England got the job done on Sunday against Croatia without being impressive, but you know they’ll be up for the game against us. They want to win this group and stay at Wembley as much as possible throughout the tournament. You suspect with one win under their belts already the pressure has eased a little and they’ll be able to play a little more freely than the more cagey opening match. They are more than capable of causing us serious problems.
For us to have any chance of getting something from this game, we have to be clinical and we have to cut out the silly mistakes. We need everyone playing as we know they can, and we need to take our chance when they come. If we have one positive from Monday’s game it’s that we know we can create them so those chances will come.
I’m inclined to say that we need to forget who it is we are playing, but actually in this instance it’s probably better that we don’t. When you are playing your historic rivals, that should give you a lift. You give that extra effort, you push it more, but you have to do it with the right temperament and that’s the fine line that Clarke has to get over to the players. No fear, but no foul. This game will be difficult enough with eleven men on the park.

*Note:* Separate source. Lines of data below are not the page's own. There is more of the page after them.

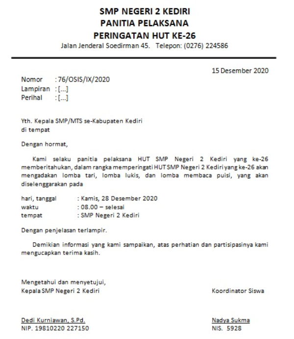 Baris yang rumpang pada bagian perihal surat di atas, seharusnya diisi dengan ....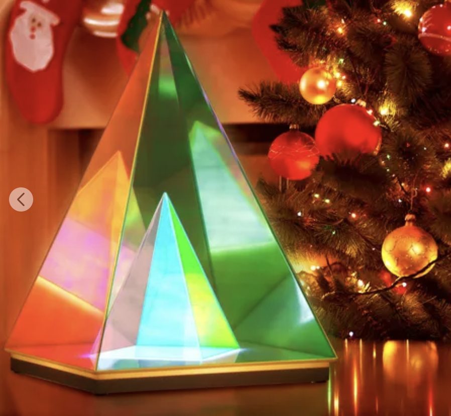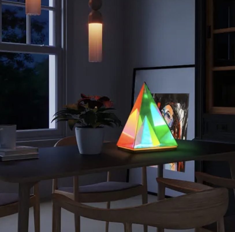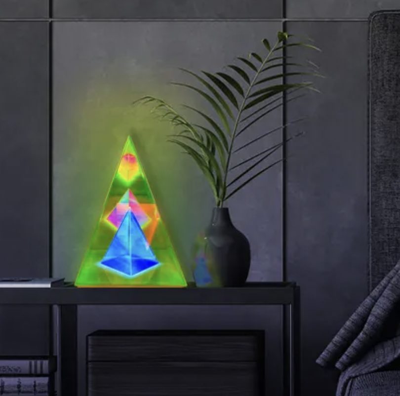 The Trigon Pyramid Lamp is a unique and contemporary art sculpture for your space that will serve as a real talking point and an eye-catching centerpiece.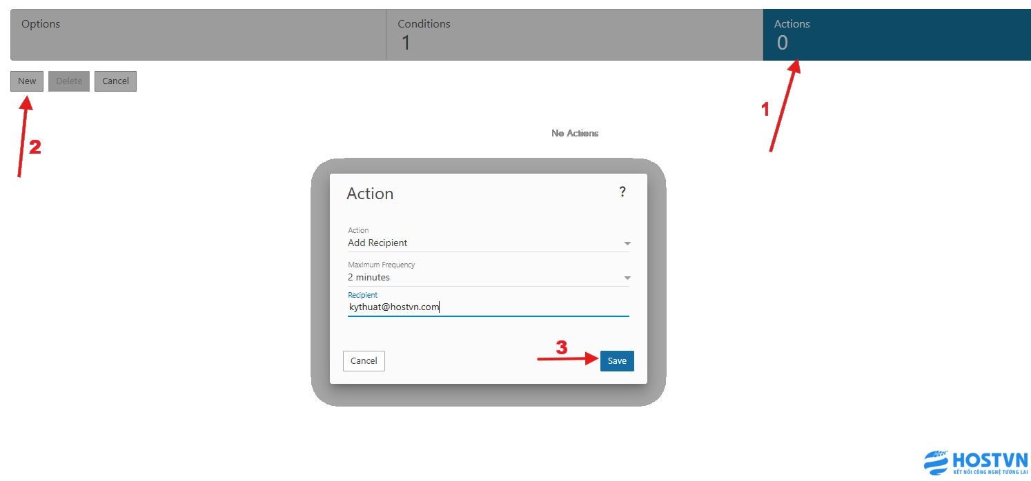 Sau đó, chuyển sang Action > News và để action là Add Recipient để thêm tài khoản người nhận, sau đó nhấn Save để hoàn tất.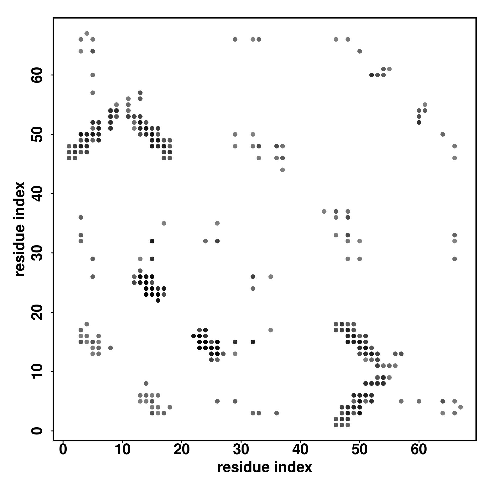 For the contact map, each dot represents a residue pair with predicted contact,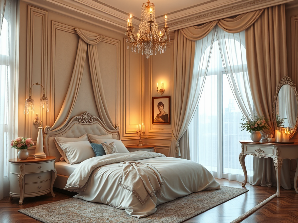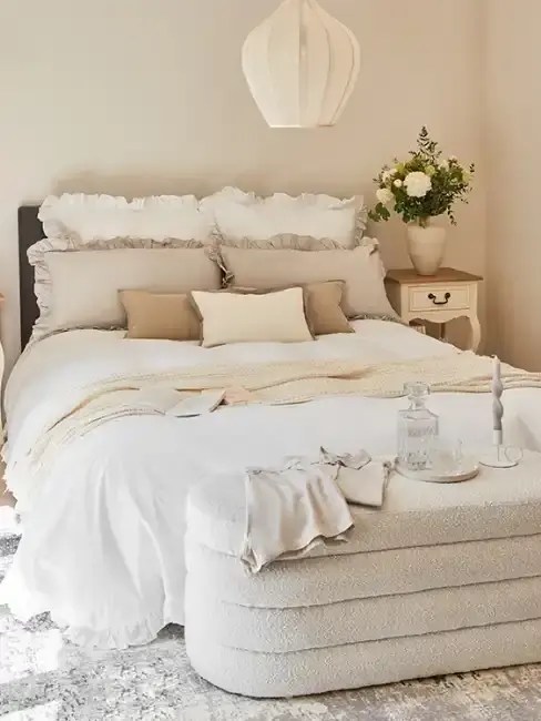 - Textiles raffinés : Utilisez des matières naturelles comme le lin, le coton ou la laine pour la literie et les rideaux. Une parure de lit unie avec des textures subtiles (ex. lin froissé) ajoute une touche élégante.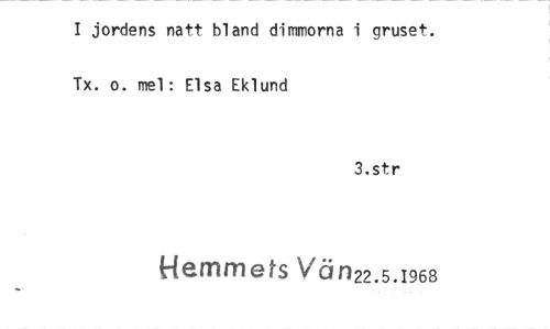 //// I jordens natt bland dimmorna i gruset. Tx. o. mel: Elsa Eklund //// 3.str //// Hemmets VÖn22.5.I968 ////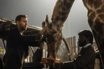 12 12 In this image received on Dec. 16, 2025, Argentine footballer Lionel Messi spends time with a giraffe during a visit at Vantara, a wildlife rescue, rehabilitation and conservation centre, in Jamnagar, Gujarat. (Vantara via PTI Photo)
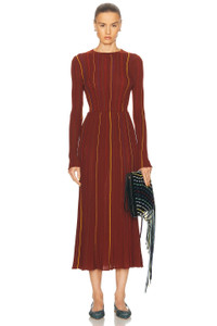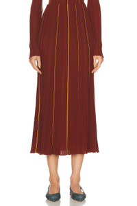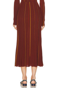 Celeano Pinstripe Knit Midi Skirt Burnt Sienna Merino Wool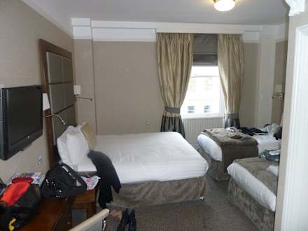 Zimmer mit AusssichtUnser Zimmer (gebucht als Doppelzimmer), erfreulicherweise mit 4 Betten und sehr groß für ein Stadthotel.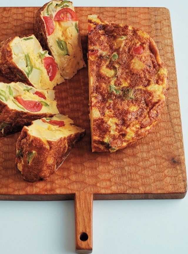 4. 2のフライパンに残りのオリーブ油を入れて強めの中火で熱し、3を流し入れる。へらで大きく混ぜながら全体を半熟にする。火を弱火にし、ふたをして3~4分焼く。皿やまな板を利用して裏返し、もう一度ふたをして3~4分焼き、粗熱を取って切り分ける。 (174kcal)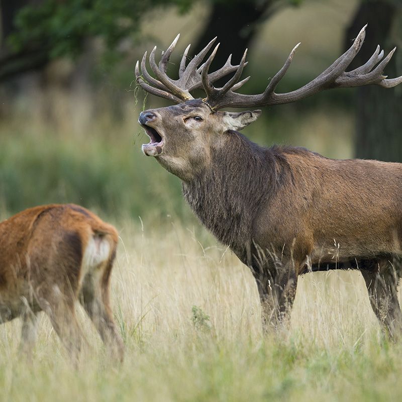 Die Rotwildbrunft ist ein ganz besonderes Schauspiel im September, sie ist laut und voller Kraft. Die Könige des Waldes, zum Teil über 200 Kilogramm schwer, mit Brunftmähne und riesigen Geweihen, schreien jetzt wieder. Die Rufe, die wirklich wie überdimensionales Rülpsen klingen, markieren den Besitzanspruch des Platzhirsches über sein Rudel weiblicher Hirsche – Kahlwild in der Jägersprache. Das ist auch bitter nötig, denn es gibt immer einige, meist jüngere Beihirsche, die ihm diesen Besitz streitig machen möchten und versuchen, ihm einige seiner Damen abzuwerben. Der Platzhirsch ist deshalb ständig unterwegs, um weibliche Tiere, die sich vom Rudel entfernen, wieder zurückzutreiben.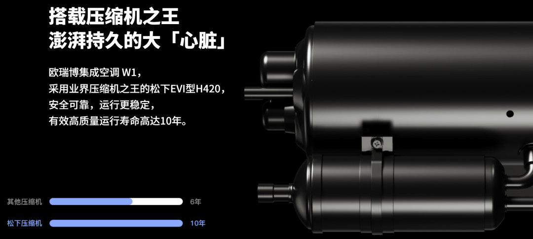 1. 核心动力单元:其显著特征是采用了松下EVI(增强型蒸汽喷射)直流变频压缩机。EVI技术是当前热泵领域应对极端低温环境的核心技术之一,通过在压缩循环中增加一次补气,能有效解决传统热泵在严寒工况下制热能力急剧衰减的行业痛点。选用松下的旗舰级压缩机,一方面是强力的品牌背书,迅速消解了市场对其硬件制造能力的疑虑;另一方面,确保了产品具备 -30℃至50℃ 的宽温域运行能力,为其全国市场,特别是北方采暖市场的拓展奠定了坚实的性能基础。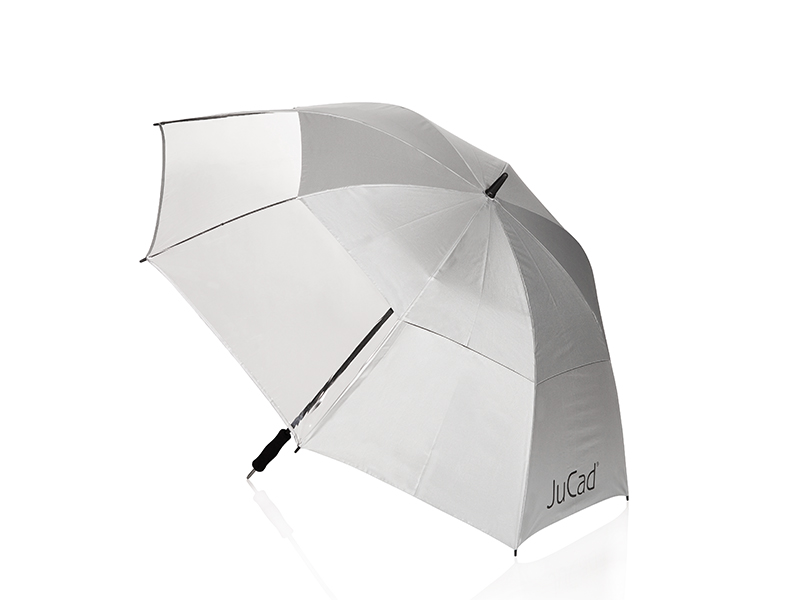 Este paraguas Windproof, con protección adicional contra el viento, permite una visión completa gracias a su ventana transparente e incluye pasador de paraguas para fijar en su carro JuCad. Diámetro del paraguas: 140 cm.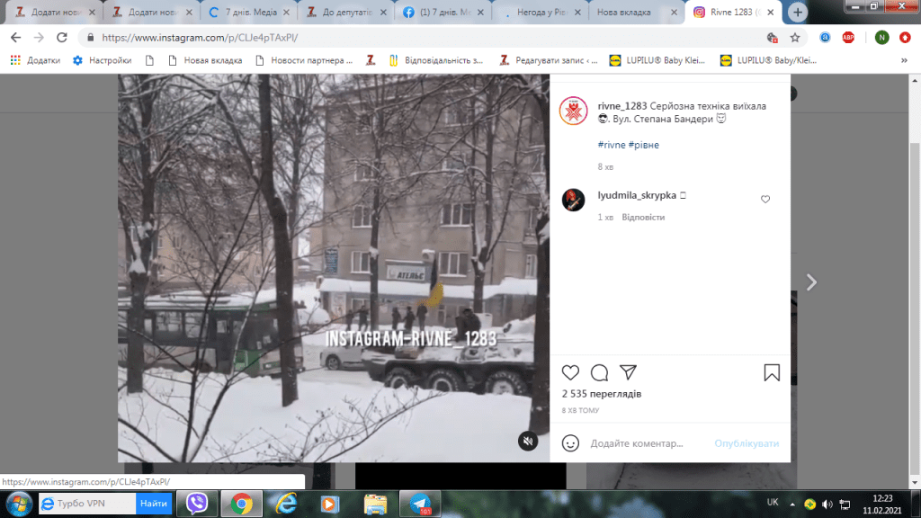 Приклад допомоги військових показали в інстаграмі в групі Rivne_ 1283. Військова техніка виконує буксирування тролейбуса на вулиці Степана Бандери.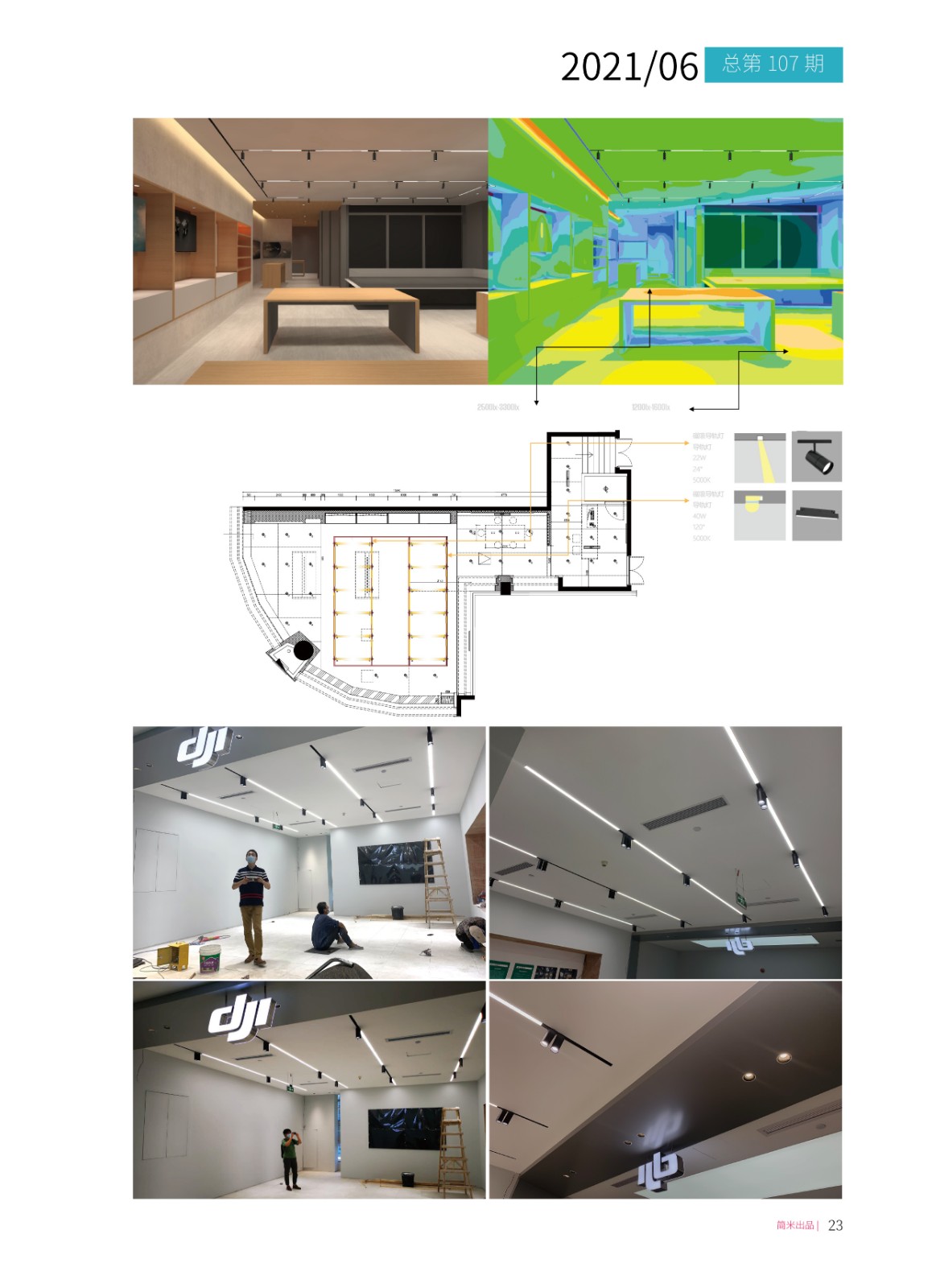 简米知识分享:大疆店铺以适当的照度舒适的光影作为整体照明设计总原则,分成了四级照明...详见本期月刊P22-23

We don’t want to look back at Euro 2020 and think of what could have been, or that we were only there to make up the numbers and we should be thankful that we were even there at all after 23 years. I’m pretty sure many of us have thought that the disappointment of Monday wasn’t worth it and it would have been better if we hadn’t qualified at all – actually all that does is bring the same disappointment forward. I’d still rather lose 2-0 to the Czechs in the finals than 2-0 to Georgia in qualifying.
There was a lot of hope and even expectation around our opening match, that feels a lifetime ago now. The expectation is all but gone now, but we’re still hoping for something at Wembley that can ignite our campaign. Something that will ram the 1,314 replays of Paul Gascoigne’s Euro 96 goal that we’ve had to endure this week right back down their throats!
No doubt by 8pm tonight we’ll all once more believe that we can, even if it’s now no longer believing that we will. Hopefully by 10pm we’re right back on the believing we will train again!